VectorInstitute / odyssey

A toolkit for developing foundation models using Electronic Health Record (EHR) data.
https://vectorinstitute.github.io/EHRMamba
Apache License 2.0
26 stars 10 forks source link

Add NDJSON loading script and update database connection settings #92

Open zzadxz opened 1 month ago

zzadxz commented 1 month ago

PR Type

[Feature, Fix, Documentation]

Short Description

PR Summary:

Tests Added

No specific unit tests were added for this script. The script was tested manually with sample NDJSON files with a successful data import into PostgreSQL.

Issue Reference

Closes #84 – resolves the need for loading MIMIC-IV FHIR NDJSON files into the PostgreSQL database for use with collect.py.

Detailed Description

1. Added Script:
The new script load_ndjson_to_postgres.py reads each NDJSON file in a specified directory, flattens nested JSON data where necessary, and loads the data into a specified PostgreSQL database. This streamlines the process of loading large FHIR datasets for analysis.

2. Updates to collect.py:
The script collect.py now uses environment variables to fetch database credentials.

3. .gitignore Update:
Excluded the physionet.org in case users download the dataset inside the main repository.

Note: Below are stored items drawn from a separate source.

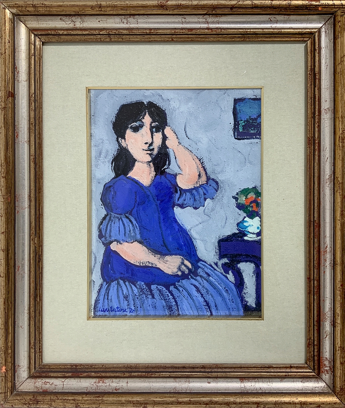 Domenico Cantatore (Ruvo di Puglia, 16 marzo 1906 – Parigi, 22 maggio 1998), Dipinto ad olio su tela raffigurante donna, firmato e datato in basso a sinistra Cantatore ’70. Sulla tela e sul telaio timbro Russo&Russo La Barcaccia Roma Cm 40x30, in cornice cm 79x60
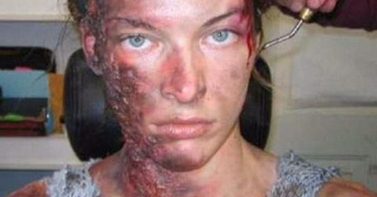 Експерименти тривають: Йовович вразила фанів "обгорілим" та побитим обличчям
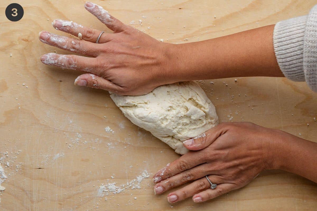 - Transfer to a floured table and knead for 3โ5 mins until smooth. *Sprinkle more flour if too sticky or wet. Then rest for 10 mins
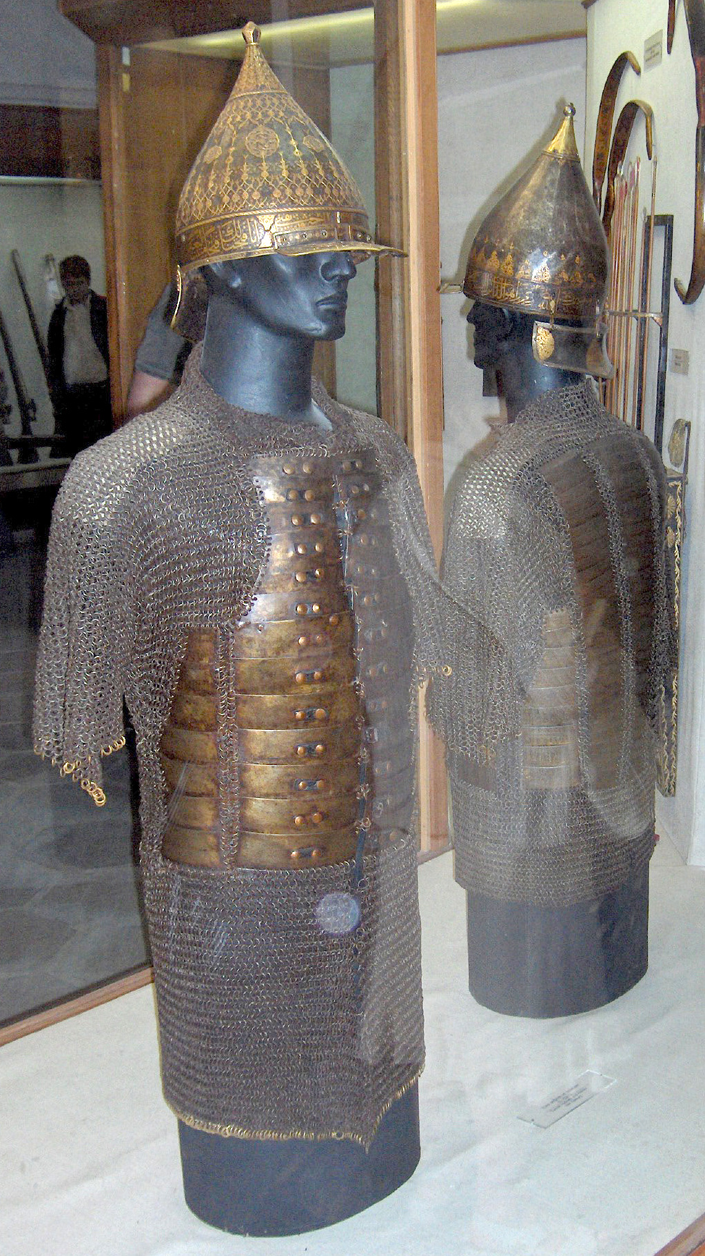 Кольчато-пластинчатый доспех 15 века (но шлем 16 века) в дворце Топкапу в Стамбуле. И "Рязанский бацинет" показывают новый стиль Руско-Литовской брони 15 века.
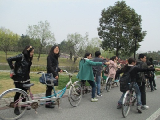 东方绿舟位于上海市青浦区,是上海唯一的集拓展培训、青少年社会实践、团队活动以及为一体的大型公园。到达目的地后,大家首先租借双人自行车游园。在三月的春光下,东方绿洲内百花鸣放,淀山湖畔碧波荡漾,平时忙于学业和科研的同学们完全沉浸在一幅幅自然美景中,往往立于某处景色不愿离开。行车游园之后大家兴致勃勃地参观了军事博物馆,并且登上1:1仿真航母甲板,近距离接触了各类坦克,战斗机等平时只能在媒体上得以一见的战斗武器。本次素质拓展的一大亮点在于勇敢者道路,包括跨越障碍、穿越铁网以及趣桥世界等项目,大家放松身心,一展拳脚,比力度拼速度,愉悦心情的同时身体也得到了锻炼。随后,大家来到大草坪,枕着绿地围成一圈分享各类零食作为午餐。这时候策划组提前准备的几款小游戏派上用场,大家边吃东西边玩游戏,有奖品也有惩罚,场面非常欢乐。
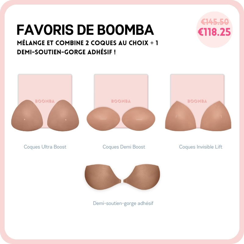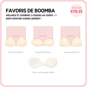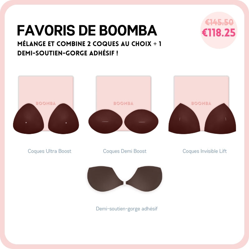 Ce paquet contient 2 paires de coques de votre choix parmi nos coques les plus vendues ainsi que nos fameux Demi Sticky Bra BOOMBA. Nous avons sélectionné nos coques préférées pour créer votre pack essentiels dont vous avez besoin pour se sentir belle en toute occasion.
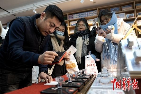 1月15日,黑龍江哈爾濱,中華巴洛克歷史文化街區(qū),薛以恒沙畫(huà)創(chuàng)意設(shè)計(jì)中心,主理人薛以恒(左一)正忙著給來(lái)哈爾濱旅游的北京城市學(xué)院大學(xué)生們加蓋紀(jì)念章,這些紀(jì)念章融入了哈爾濱的冰城地標(biāo)建筑元素,以“祥龍納福”為主題。中青報(bào)·中青網(wǎng)記者 程璨/攝
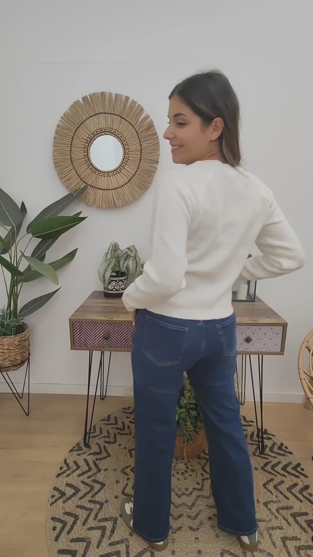 Pantalón vaquero de tiro alto y pierna ancha con detalle de tres botones dorados en las caderas y dos bolsillos. Cierre mediante botón y cremallera. Tiene dos bolsillos traseros.
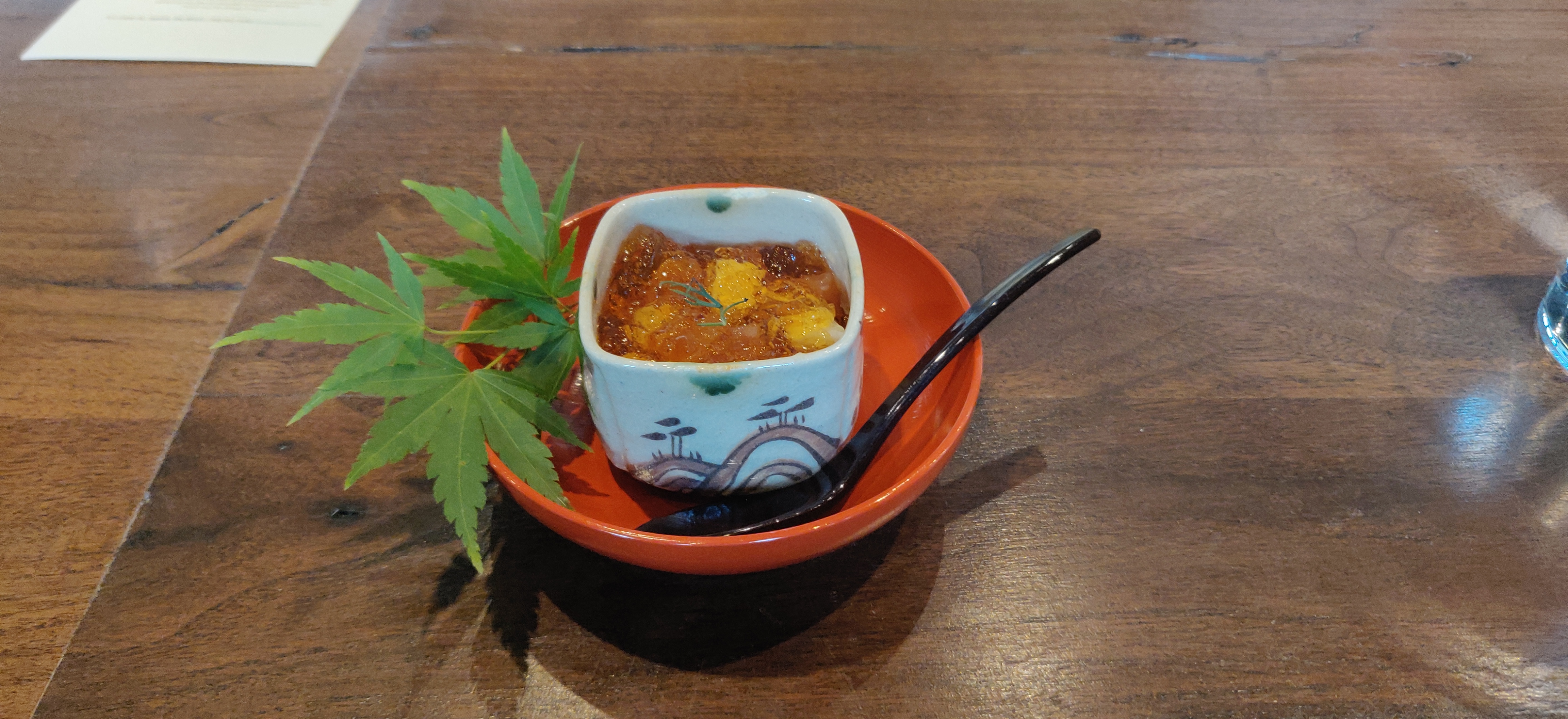 Anyways, when we arrive, they were serving things on there July menu; which in it of itself is interesting because it’s not July anymore. In other words, by the time you read this and decide to go, you most likely will have something different than I did. They give you a standard hot towel to clean your hands and let you sit and relax as they prepare the first course. The first course is a salmon tartare, which to me is less tartare and more cubed salmon (like poke) and mixed with something called mountain yam, which is like this hard white kind of thing, and topped with this jelly thing. It tastes fine, fresh fish taste and the jelly had a hint of yuzu; the thing is, the soft texture of the salmon and the toughness of the yam contrasts with each other greatly.
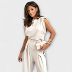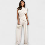 Скулптурна елегантност с модерен привкус: Комплект София комбинира асиметрична блуза с широки панталони за силует, който е елегантен и се движи с грация. Идеален за отличен повод или за да подобрите ежедневието си вид без усилие.

Environment Variable Setup:
To use the new scripts, please set up environment variables:


export DB_HOST=localhost
export DB_PORT=5432
export DB_NAME=mimiciv_fhir
export DB_USER=your_username
export DB_PASSWORD=your_password
amrit110 commented 1 month ago

@zzadxz thanks for this PR! Great to see you think of ideas to improve the repo.

zzadxz commented 1 month ago

@amrit110 Of course! More than happy to help :)